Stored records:
****

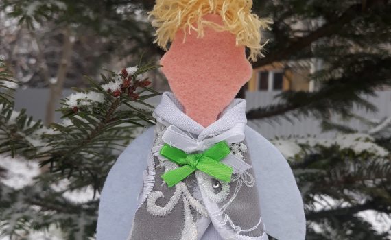 Лот № 7 “Мій Ангелик” Неповторний декор для дому та новорічної ялинки. Виконали : Соломійчук Г.М. та арт студія ” Палітра ідей” Початкова ціна – 50 гривень. Наступний Крок – 10 гривень.
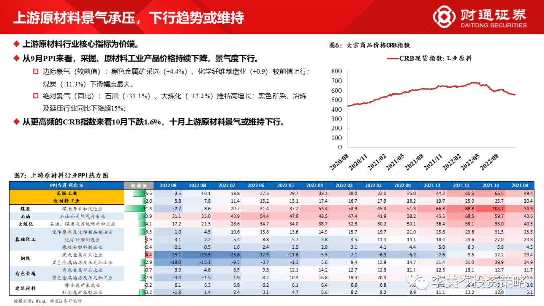 3)PPI-CPI剪刀差持续回落,海外流动性收紧、国内地产投资低迷拖累PPI,猪周期上行推升CPI。
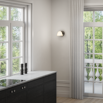 er en elegant og skulpturel væglampe, der bringer varme og ro til rummet. Med sit enkle, men raffinerede design kombinerer lampen trelags opalglas med messingdetaljer og alabaster/diffuser-elementer for at skabe et blødt, diffust lys uden blænding. Serien er karakteriseret ved en messingkomponent, som strækker sig ud og forener glasskærmen med armaturet i en harmonisk helhed.
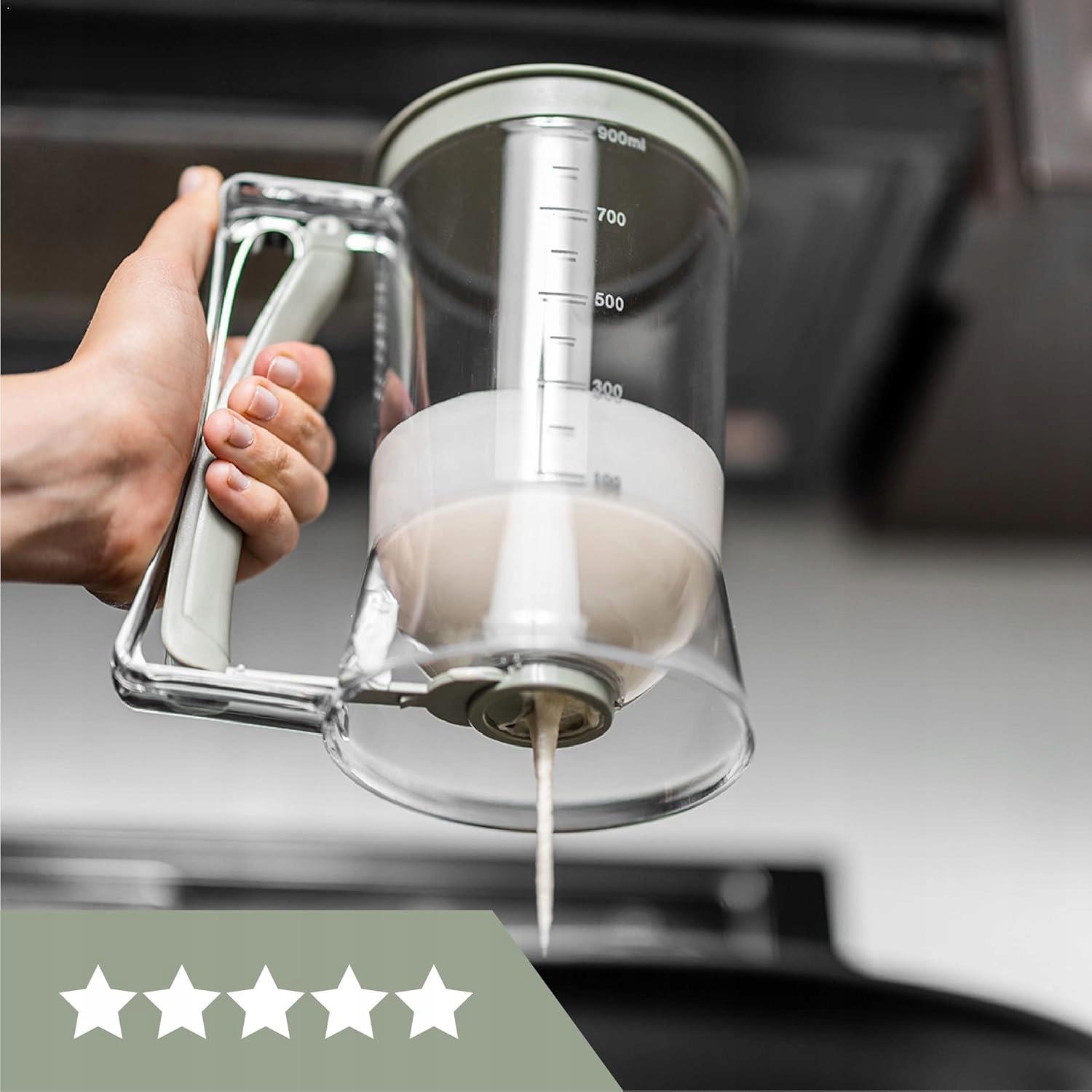 Ідеальні млинці та млинці всередині ваших рук! Ідеальні пропорції, без безладу і з абсолютною точністю - цей дозатор стане вашим незамінним помічником на кухні. Підготовка чудових млинців, млинців або вафель ніколи не була такою простою! ! Наш дозатор оснащений трьома вимірювальними шкалами, які гарантують точне вимірювання як сухих, так і рідких інгредієнтів. 4 Якісний пластик, Диспензатор не тільки довговічний, але й естетичний. Його прозорий контейнер дозволяє керувати кількістю тіста, а кришка сірого або зеленого (поєднання кольорів) надає йому сучасний вигляд. Більше того, це легко очистити - просто киньте його в посудомийну машину! Широка ручка і точний важіль, дозування тіста однією рукою ніколи не було простіше! Це усуває безлад і робить кожну порцію ідеальною. ✔ три Вимірювання шкал - Точне вимірювання як сухих, так і рідких інгредієнтів.
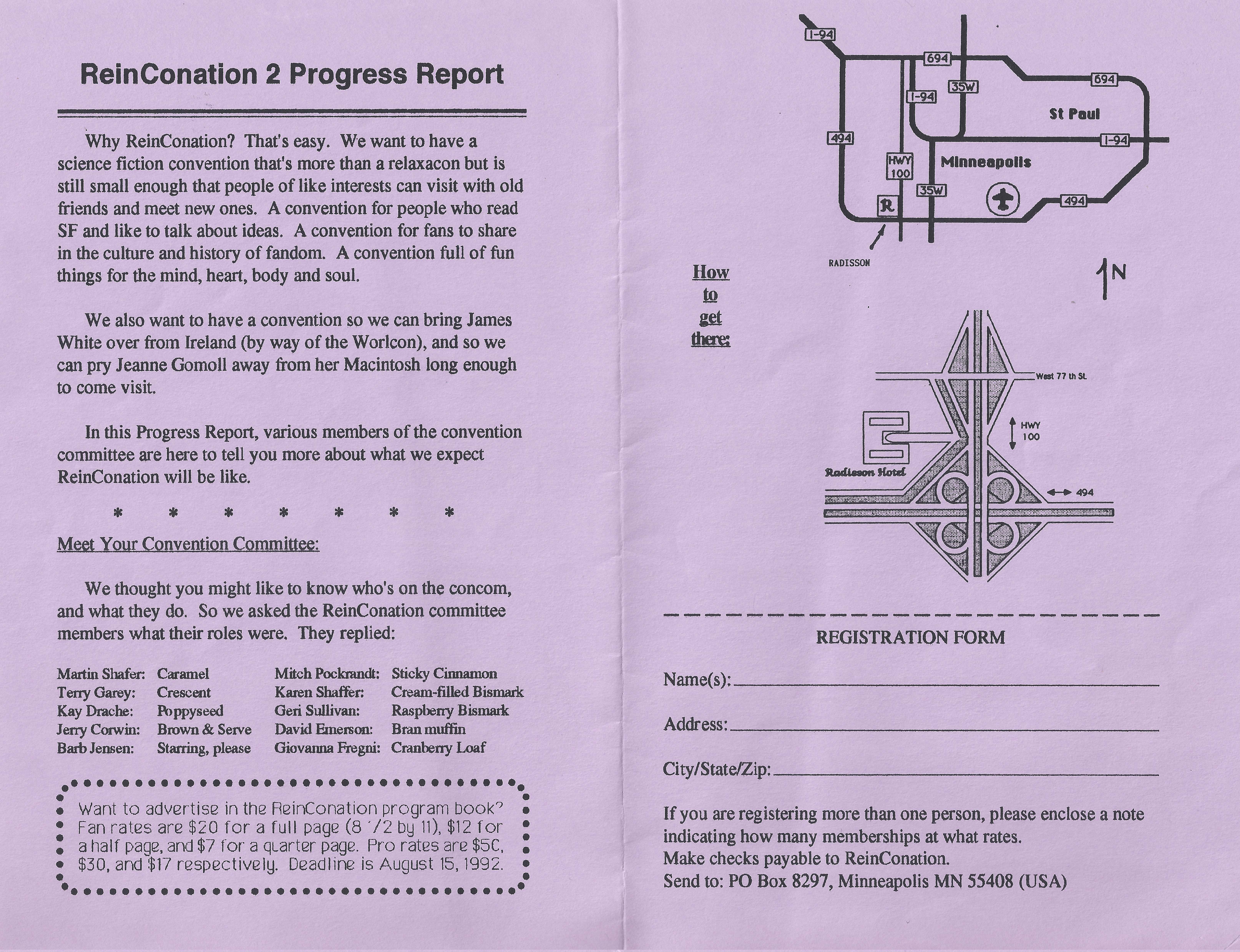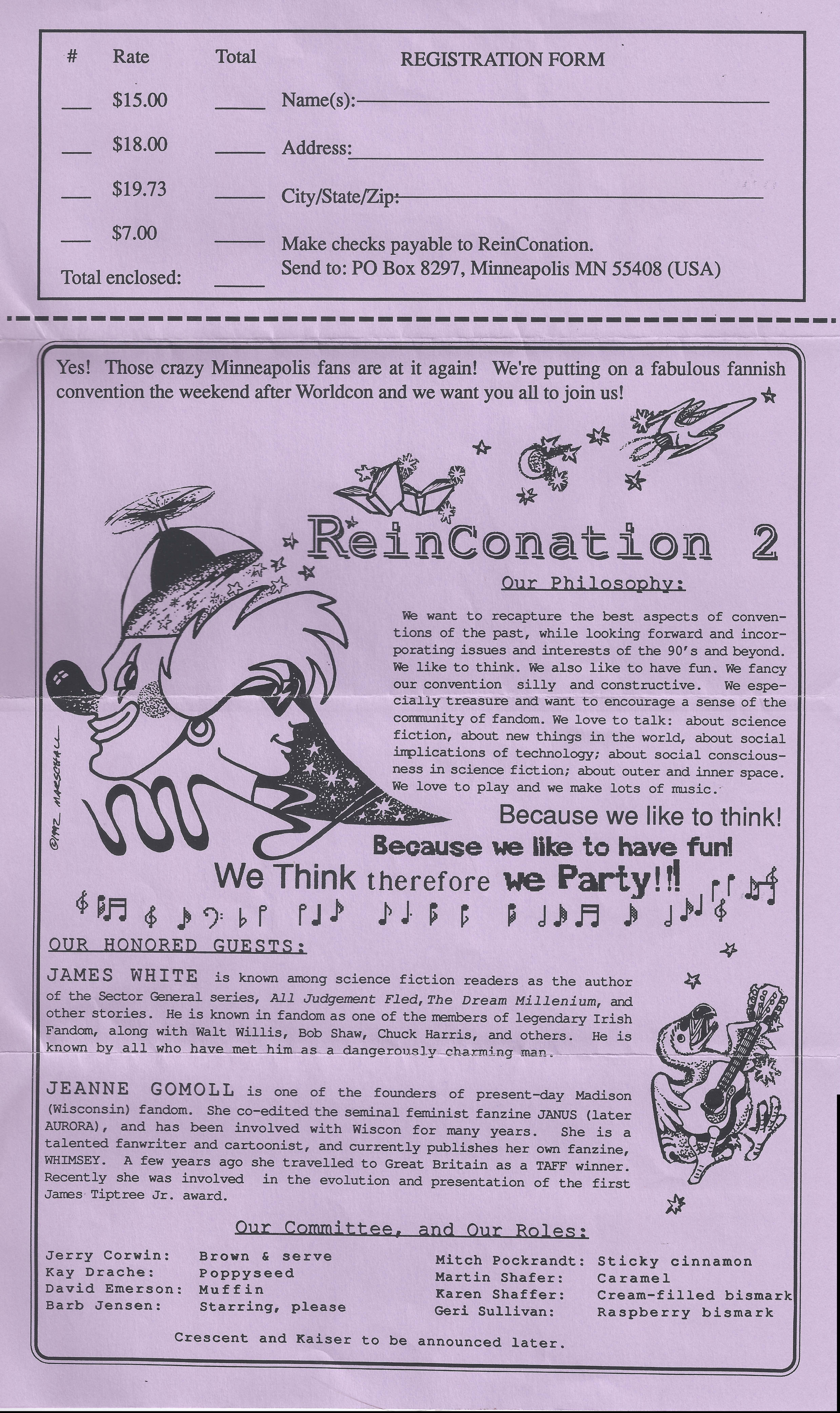 An ad for ReinCONation 2 appeared in the Minicon 27 program book, page 17.
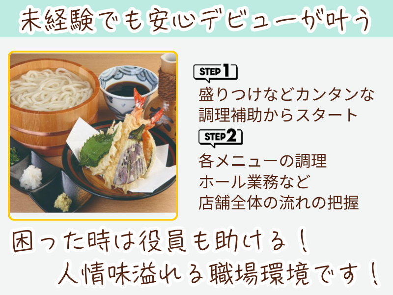 仕事内容 \男女ともに活躍中!「無理なく適度」に働ける/ ✅深夜勤務なし(ラストオーダー21時) ✅1日平均8hで残業ほとんどなし ✅賞与年2回+決算賞与 ✅通勤交通費全額支給 ✅転居を伴う転勤なし ✅調理補助からスタートで安心 ✅マニュアル完備&効率化を推進 当店では、 飲食業界の「ハードそう」というイメージを払拭! タッチパネル注文導入など効率化が進み、 体力的な負担を軽減しています。 仕事はもちろん、 プライベートの時間も充実できるような 働き方を目指している方にピッタリです。 困った時は役員も助ける人情味ある社風が自慢です。 また、特定技能資格をお持ちの方も応募可能です。 ※日本語能力試験N1相当の日本語力が必要となります。 【具体的なお仕事】 接客・調理などをお願いします。 ◆お客様の案内・配膳 ◆本格的な「生そば」「出汁」「天ぷら」 など素材の仕込み ◆レジ対応 ◆シフト管理 など 入社後は盛りつけなどカンタンな 調理補助からスタートしましょう。 徐々に各メニューの調理や ホール業務のサポート、 店舗運営の流れを覚えて頂きます。 タッチパネル注文も導入され、 仕入れなども取引先とシステム連携 されているなど効率化が進んでおり、 難しさはありません。もちろん マニュアルも完備されています。 この仕事のPOINT・・━━・・━━・・━━・・ ✨早番・遅番などシフト交代 ・・━━・・━━・・━━・・━━・・━━・・━ 1日勤務は平均8h程(変形労働時間) またラストオーダーは21時半、 22時閉店なので 遅番でも深夜勤務もないため、 無理なく適度に働けます! この仕事のPOINT・・━━・・━━・・━━・・ ✨働きやすい商業施設内の店舗 ・・━━・・━━・・━━・・━━・・━━・・━ お客様はファミリーから お年寄りまで幅広く、 お食事中心なので 11:30~13:30のお昼どき 18:00~20:00の夕食どき ピークタイムがはっきりと しているのも特徴です。 それ以外の時間は比較的落ち着いて 翌日以降の準備や後片付けをしたり、 順番に休憩を取ったりしています。 この仕事のPOINT・・━━・・━━・・━━・・ ✨ずっと現場スタッフでもok ・・━━・・━━・・━━・・━━・・━━・・━ 店長へステップUP希望はもちろん歓迎ですが 責任あるポストは不安って方は ずっと飲食店現場でホール・キッチンでもok ライフスタイルにあわせて働き方を 本人が選択できます。 この会社のPOINT・・━━・・━━・・━━・・ ✨長く安心して働ける会社 ・・━━・・━━・・━━・・━━・・━━・・━ とんかつ、ラーメン、中華、お好み焼き、 カフェのほか最近では冷凍食品まで。 景気や社会情勢に左右されない多彩な 業態で店舗を拡大。 70店舗、従業員1800名の安定企業! この会社のPOINT・・━━・・━━・・━━・・ ✨きらくの正社員を選んで良かった! ・・━━・・━━・・━━・・━━・・━━・・━ 貴方にそう言ってもらえるように、 ライフステージが変わっても、安心して 働ける環境がある飲食店でありたいと 思っています。 仕事はもちろん、プライベートの時間も 充実できるような働き方を目指している方に ピッタリの職場です。 お話を聞くだけでも構いませんので、 お気軽にご応募お待ちしています!

****

> [Task] Leaving out the pictures, print every record exactly as written.

> [Answer below]
 Лот № 7 “Мій Ангелик” Неповторний декор для дому та новорічної ялинки. Виконали : Соломійчук Г.М. та арт студія ” Палітра ідей” Початкова ціна – 50 гривень. Наступний Крок – 10 гривень.
 3)PPI-CPI剪刀差持续回落,海外流动性收紧、国内地产投资低迷拖累PPI,猪周期上行推升CPI。
 er en elegant og skulpturel væglampe, der bringer varme og ro til rummet. Med sit enkle, men raffinerede design kombinerer lampen trelags opalglas med messingdetaljer og alabaster/diffuser-elementer for at skabe et blødt, diffust lys uden blænding. Serien er karakteriseret ved en messingkomponent, som strækker sig ud og forener glasskærmen med armaturet i en harmonisk helhed.
 Ідеальні млинці та млинці всередині ваших рук! Ідеальні пропорції, без безладу і з абсолютною точністю - цей дозатор стане вашим незамінним помічником на кухні. Підготовка чудових млинців, млинців або вафель ніколи не була такою простою! ! Наш дозатор оснащений трьома вимірювальними шкалами, які гарантують точне вимірювання як сухих, так і рідких інгредієнтів. 4 Якісний пластик, Диспензатор не тільки довговічний, але й естетичний. Його прозорий контейнер дозволяє керувати кількістю тіста, а кришка сірого або зеленого (поєднання кольорів) надає йому сучасний вигляд. Більше того, це легко очистити - просто киньте його в посудомийну машину! Широка ручка і точний важіль, дозування тіста однією рукою ніколи не було простіше! Це усуває безлад і робить кожну порцію ідеальною. ✔ три Вимірювання шкал - Точне вимірювання як сухих, так і рідких інгредієнтів.
 An ad for ReinCONation 2 appeared in the Minicon 27 program book, page 17.
 仕事内容 \男女ともに活躍中!「無理なく適度」に働ける/ ✅深夜勤務なし(ラストオーダー21時) ✅1日平均8hで残業ほとんどなし ✅賞与年2回+決算賞与 ✅通勤交通費全額支給 ✅転居を伴う転勤なし ✅調理補助からスタートで安心 ✅マニュアル完備&効率化を推進 当店では、 飲食業界の「ハードそう」というイメージを払拭! タッチパネル注文導入など効率化が進み、 体力的な負担を軽減しています。 仕事はもちろん、 プライベートの時間も充実できるような 働き方を目指している方にピッタリです。 困った時は役員も助ける人情味ある社風が自慢です。 また、特定技能資格をお持ちの方も応募可能です。 ※日本語能力試験N1相当の日本語力が必要となります。 【具体的なお仕事】 接客・調理などをお願いします。 ◆お客様の案内・配膳 ◆本格的な「生そば」「出汁」「天ぷら」 など素材の仕込み ◆レジ対応 ◆シフト管理 など 入社後は盛りつけなどカンタンな 調理補助からスタートしましょう。 徐々に各メニューの調理や ホール業務のサポート、 店舗運営の流れを覚えて頂きます。 タッチパネル注文も導入され、 仕入れなども取引先とシステム連携 されているなど効率化が進んでおり、 難しさはありません。もちろん マニュアルも完備されています。 この仕事のPOINT・・━━・・━━・・━━・・ ✨早番・遅番などシフト交代 ・・━━・・━━・・━━・・━━・・━━・・━ 1日勤務は平均8h程(変形労働時間) またラストオーダーは21時半、 22時閉店なので 遅番でも深夜勤務もないため、 無理なく適度に働けます! この仕事のPOINT・・━━・・━━・・━━・・ ✨働きやすい商業施設内の店舗 ・・━━・・━━・・━━・・━━・・━━・・━ お客様はファミリーから お年寄りまで幅広く、 お食事中心なので 11:30~13:30のお昼どき 18:00~20:00の夕食どき ピークタイムがはっきりと しているのも特徴です。 それ以外の時間は比較的落ち着いて 翌日以降の準備や後片付けをしたり、 順番に休憩を取ったりしています。 この仕事のPOINT・・━━・・━━・・━━・・ ✨ずっと現場スタッフでもok ・・━━・・━━・・━━・・━━・・━━・・━ 店長へステップUP希望はもちろん歓迎ですが 責任あるポストは不安って方は ずっと飲食店現場でホール・キッチンでもok ライフスタイルにあわせて働き方を 本人が選択できます。 この会社のPOINT・・━━・・━━・・━━・・ ✨長く安心して働ける会社 ・・━━・・━━・・━━・・━━・・━━・・━ とんかつ、ラーメン、中華、お好み焼き、 カフェのほか最近では冷凍食品まで。 景気や社会情勢に左右されない多彩な 業態で店舗を拡大。 70店舗、従業員1800名の安定企業! この会社のPOINT・・━━・・━━・・━━・・ ✨きらくの正社員を選んで良かった! ・・━━・・━━・・━━・・━━・・━━・・━ 貴方にそう言ってもらえるように、 ライフステージが変わっても、安心して 働ける環境がある飲食店でありたいと 思っています。 仕事はもちろん、プライベートの時間も 充実できるような働き方を目指している方に ピッタリの職場です。 お話を聞くだけでも構いませんので、 お気軽にご応募お待ちしています!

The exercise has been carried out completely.